Answer: EITHER: the three roots written down are \(1,e^{2\pi i/3},e^{-2\pi i/3}\). The other three roots are \(-1,\frac{1}{3}+\frac{2\sqrt2}{3}i,\frac{1}{3}-\frac{2\sqrt2}{3}i\).

OR: one possible choice is \(\mathbf P=\begin{pmatrix}-2&0&0\\1&3&0\\0&4&1\end{pmatrix}\) and \(\mathbf D=\begin{pmatrix}3^n&0&0\\0&7^n&0\\0&0&1\end{pmatrix}\). The final range is \(-\frac{1}{7}\lt k\lt\frac{1}{7}\).

EITHER

(i) Since \(z=e^{i\theta}\), write \(z=e^{i\theta/2}e^{i\theta/2}\). Then

\(\frac{z-1}{z+1}=\frac{e^{i\theta/2}-e^{-i\theta/2}}{e^{i\theta/2}+e^{-i\theta/2}}.\)

Using \(e^{iu}-e^{-iu}=2i\sin u\) and \(e^{iu}+e^{-iu}=2\cos u\),

\(\frac{z-1}{z+1}=\frac{2i\sin(\theta/2)}{2\cos(\theta/2)}=i\tan\frac{\theta}{2}.\)

(ii) If \(z=1\), then each numerator is zero, so the sum is zero.

For the other cube roots of unity, write \(z=e^{i\theta}\), where \(\theta=\pm\frac{2\pi}{3}\). Since \(z^3=1\), the first term is zero. Also, by part (i),

\(\frac{z^2-1}{z^2+1}=i\tan\theta,\qquad \frac{z-1}{z+1}=i\tan\frac{\theta}{2}.\)

If \(\theta=\frac{2\pi}{3}\), then \(\tan\theta=-\sqrt3\) and \(\tan\frac{\theta}{2}=\sqrt3\). If \(\theta=-\frac{2\pi}{3}\), the two values are reversed in sign. In both cases, their sum is zero. Therefore

\(\frac{z^3-1}{z^3+1}+\frac{z^2-1}{z^2+1}+\frac{z-1}{z+1}=0.\)

(iii) From part (ii), the three cube roots of unity are roots of the polynomial equation. Thus

\(z=1,\quad z=e^{2\pi i/3},\quad z=e^{-2\pi i/3}\)

are three roots.

Expanding the left-hand side gives

\(3z^6+z^5+z^4-z^2-z-3=0.\)

This factorises as

\(3z^6+z^5+z^4-z^2-z-3=(z+1)(z^3-1)(3z^2-2z+3).\)

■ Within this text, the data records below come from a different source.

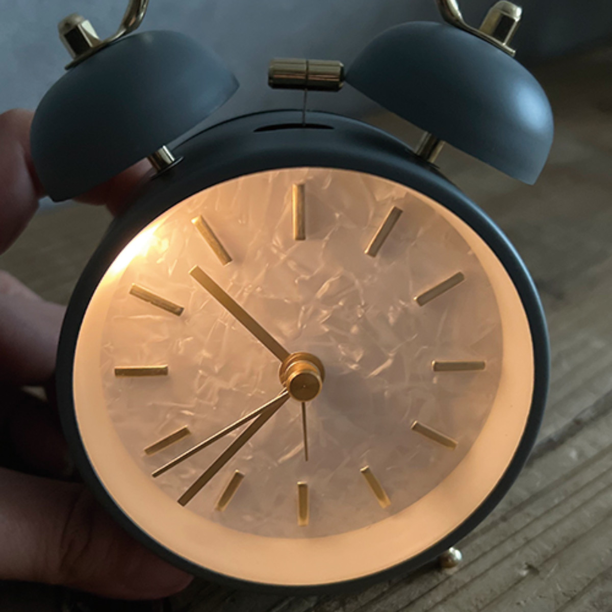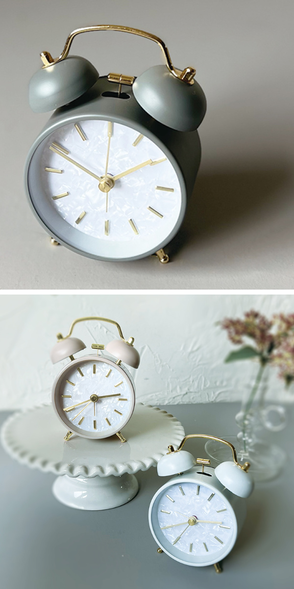くすみカラーがかわいい置き時計です。クラシカルなツインベルデザインが、お部屋に上品さを演出。アンティークなテイストとも相性が良く、お手持ちのアンティ―ク小物とあわせてディスプレイするのもおすすめです。
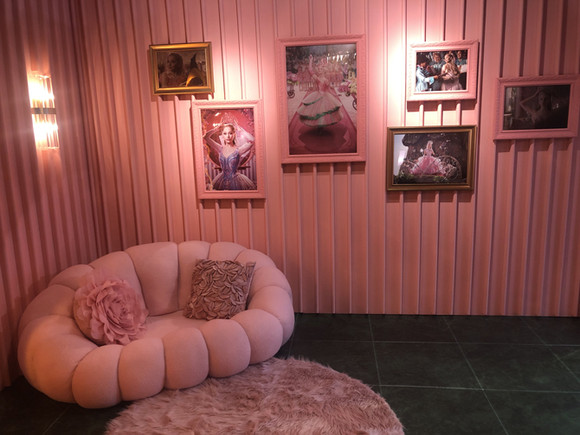 위키드: 포 굿 팝업은 영화 속 주요 무대가 되는 6개의 공간들을 정교하게 구현했다. 팝업 도입부엔 영화의 대형 포스터가 관객의 입장을 환영한다. 이어지는 글린다의 방은 그녀를 상징하는 핑크빛으로 화려하게 꾸며졌다. 글린다의 사진부터 쇼파, 화장대까지 글린다의 일상을 엿볼 수 있게 구성됐다. 이어 별빛 가득한 밤하늘을 볼 수 있는 낭만적인 외부 테라스가 분위기를 차분하게 반전한다.
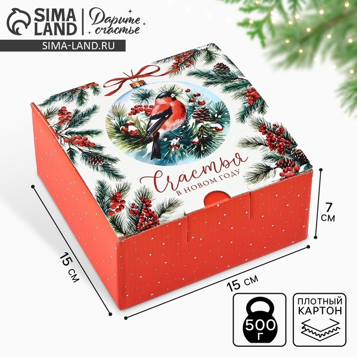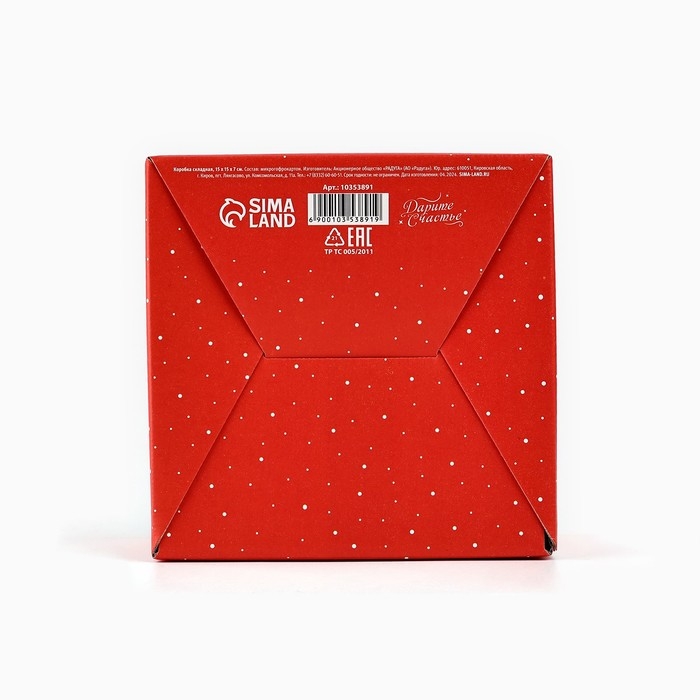 Коробка подарочная новогодняя складная «Снегири», 15 х 15 х 7 см, Новый год
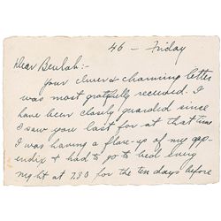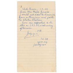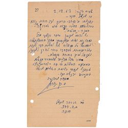 ALS in English, signed in Hebrew, one page, lightly-lined, 4.5 x 8.25, Ideh-Boker, Israel, July 1, 1964. Letter to a woman. In part: “I would not dare
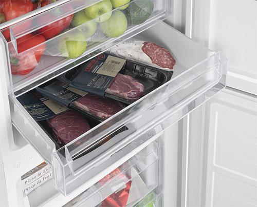 Зона свежести, оснащенная функцией контроля влажности, позволит подобрать оптимальный режим для хранения овощей, фруктов и других продуктов, требовательных к поддержанию особого микроклимата.
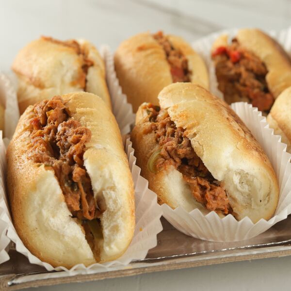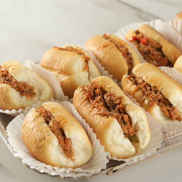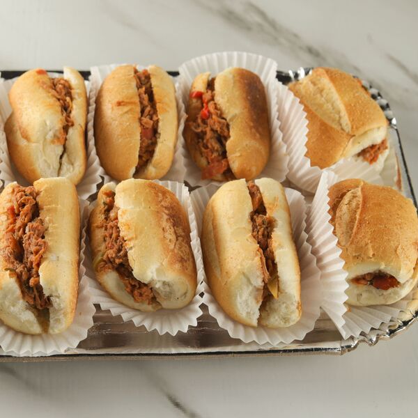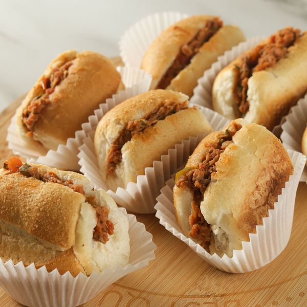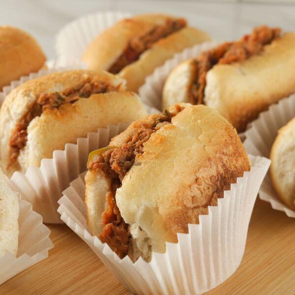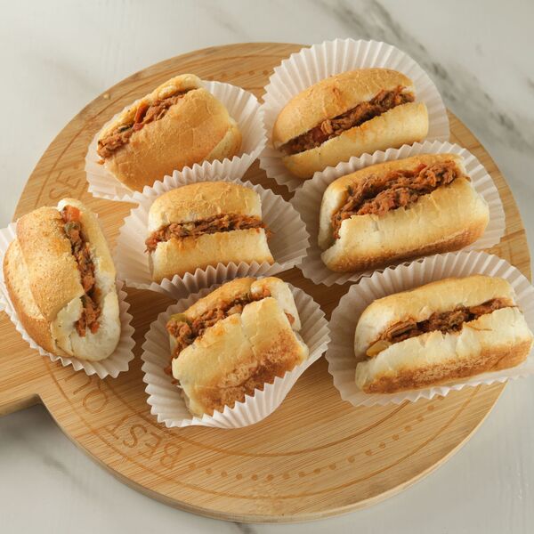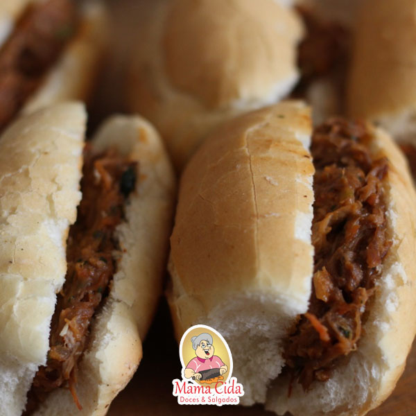 – Carne louca desfiada e temperada com molho no mini pão de leite ou mini francês.
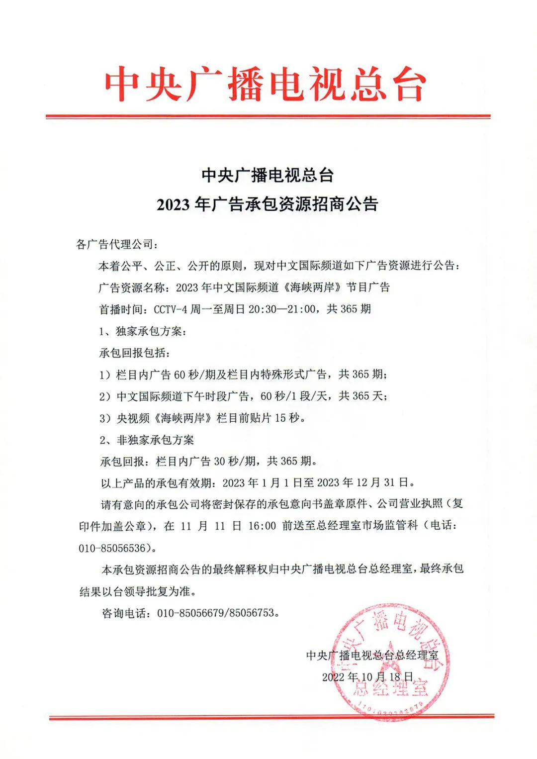 中央广播电视总台CCTV-4《海峡两岸》2023年广告资源招商公告
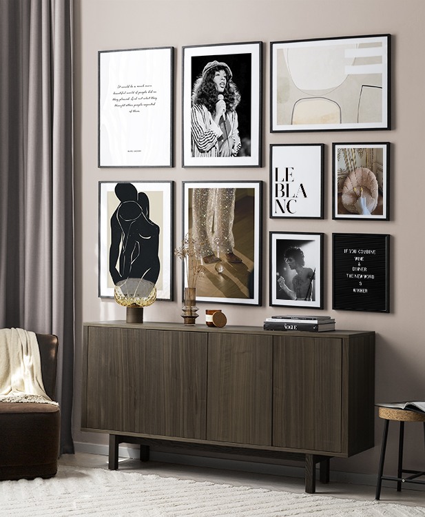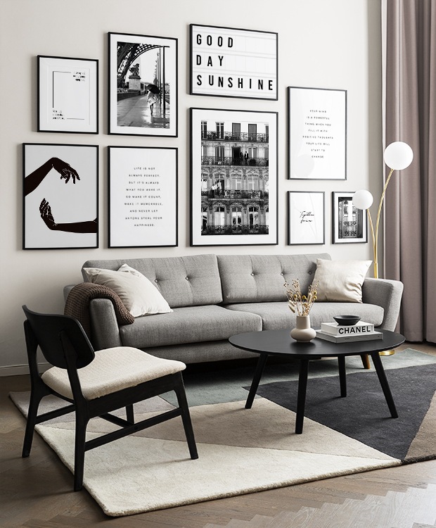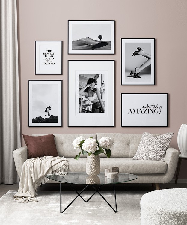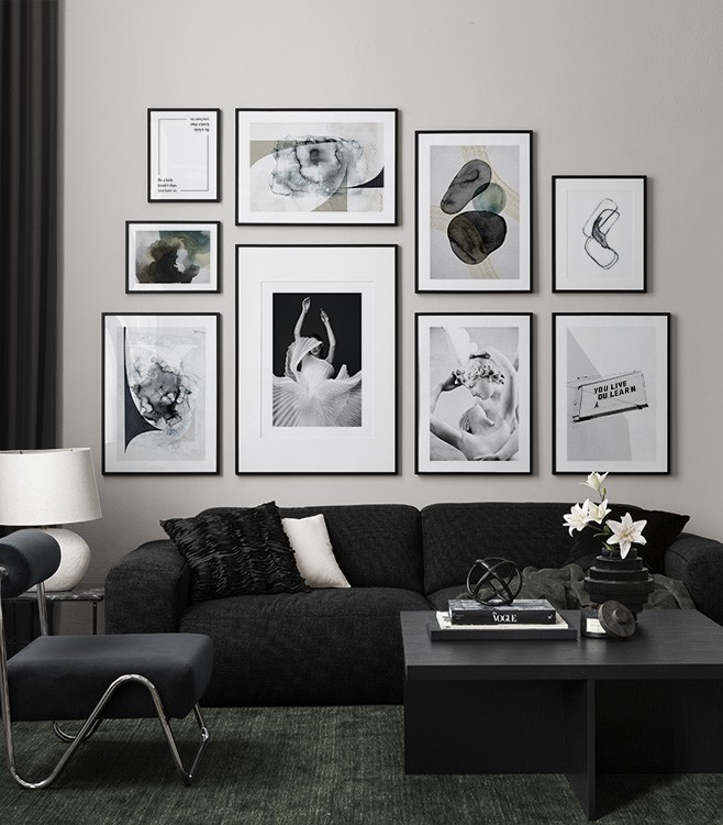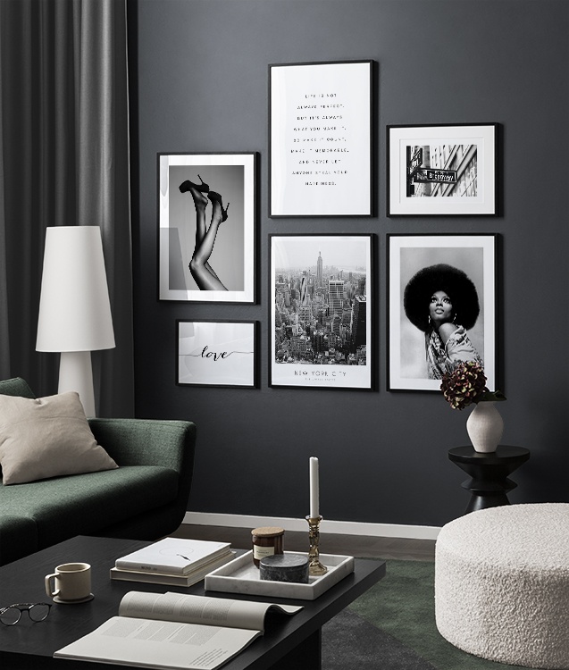 Bläddra bland inspirerande tavelväggar med både kontrastrika, svartvita posters och de som går i en mjukare gråskala. Trendigt monokromt eller svartvita klassiker - vi har svartvita tavelväggar för alla!
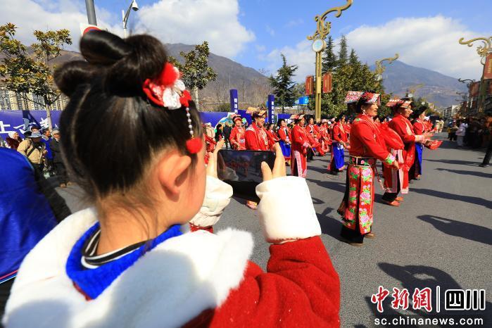 中新網(wǎng)四川新聞2月18日電 18日,四川省阿壩州茂縣舉行“羌山躍馬賀歲 祥龍瑞獅送!贝蟀菽昊顒(dòng),18支隊(duì)伍沿縣城主要街道一路歡歌起舞,以獨(dú)具羌鄉(xiāng)特色的非遺及民俗展演,為全縣群眾和八方游客送上新春祝福,讓整座羌城沉浸在歡樂(lè)祥和的節(jié)日氛圍中。
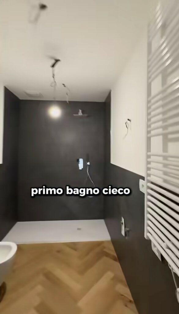 Corti parla del piano superiore: “Poi da questo lato nei prossimi giorni sarà installata una bella scala in acciaio che ci porterà al secondo piano dove abbiamo una seconda camera da letto, un secondo bagno e una scala a chiocciola che ci porterà sul tetto di questo stabile privato di mia proprietà dove farò una terrazza incredibile”. E’ tutto in divenire e lui è entusiasta.
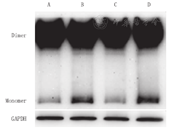 采用TCEP对HUVECs进行处理。结果显示,与eNOS shRNA+SNP组相比,eNOS shRNA+SNP+TCEP组中NO水平(16.112±0.926比16.705±0.116,P>0.05)无显著差异,但eNOS shRNA+SNP+TCEP组中SOD1二聚体/单体比例(4.4±0.9比7.3±2.0,P<0.05)显著降低,见图2、图3。
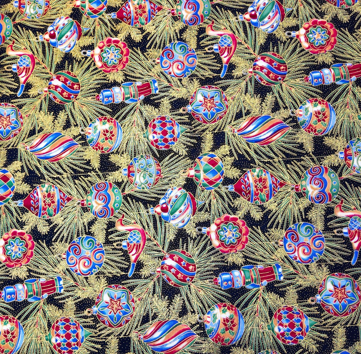 NOEL-025 – Boules de Noël richement décorées suspendues à des branches dorées sur fond nuit. L’ensemble brille d’un éclat festif, comme un sapin illuminé sous les étoiles.
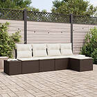 vidaXL 5-delat trädgårdsoffaset med kuddar, Brun Poly Rattan

The roots not already listed are therefore

\(z=-1\)

and the roots of \(3z^2-2z+3=0\). Hence

\(z=\frac{2\pm\sqrt{4-36}}{6}=\frac{2\pm i\sqrt{32}}{6}=\frac{1}{3}\pm\frac{2\sqrt2}{3}i.\)

So the other three roots are

\(\boxed{-1,\ \frac{1}{3}+\frac{2\sqrt2}{3}i,\ \frac{1}{3}-\frac{2\sqrt2}{3}i}.\)

OR

(i) Another eigenvector corresponding to \(\lambda\) is any non-zero scalar multiple of \(\mathbf e\), for example \(2\mathbf e\).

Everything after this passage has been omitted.